P.I. – Não conheço profundamente a situação em Macau. Mas em Hong Kong, por exemplo, há formas de entrar legitimamente na fronteira ou ainda com documentos falsos. Também podem chegar de barco clandestinamente. O controlo de fronteiras é importante, mas há que verificar a autenticidade dos documentos e averiguar circunstâncias suspeitas. Poderá haver muitas formas de entrar num país ou região sem ter de passar nas fronteiras.
- Outra questão que a ONU aborda é o sistema de adopção vigente em Macau, com muitas crianças ao cuidado de instituições e não em ambiente familiar.
P.I. – Olhando para as estatísticas do relatório, vê-se que há muito poucas adopções. Há assim tão poucas crianças disponíveis para adopção?

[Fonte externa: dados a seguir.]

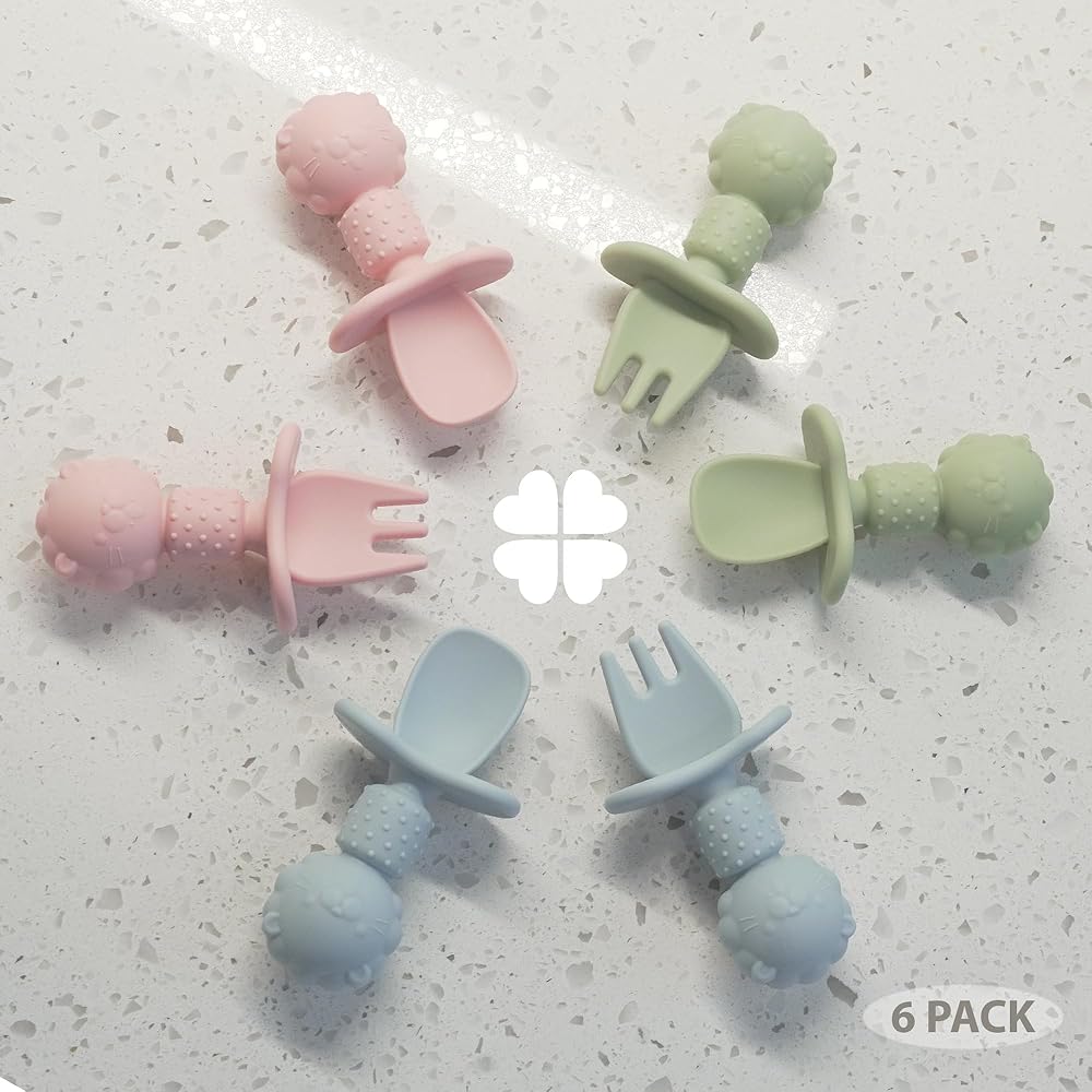 100% PREMIUM FOOD-GRADE SILICONE - Clover Clover spoon and fork sets are made from 100% premium food-grade silicone. They are free from BPA, PVC, phthalates or any other harmful additives or fillers. The ultra-durable and unbreakable soft-tip provides the right bite portion while protecting their gums and developing teeth.

Há crianças normais a serem adoptadas. E crianças portadoras de deficiência? Como é que se está a gerir a situação destas crianças? Sei também que há preocupação em Macau com a condição de adolescentes que pretendem abdicar dos filhos, mas é necessário que tenham 18 anos para que haja adopção. Isto beneficia as crianças? Quanto mais cedo puderem ser adoptadas, melhor. Manter estes bebés em instituições não é desejável de todo. Há por outro lado um sistema de acolhimento familiar, mas para crianças entre os três e os 12 anos, que poderá ser estendido até 18 anos. Mas não para as crianças até três anos. O Comité recomenda aos governos que procurem, sistematicamente, formas de retirar as crianças das instituições, e não o contrário.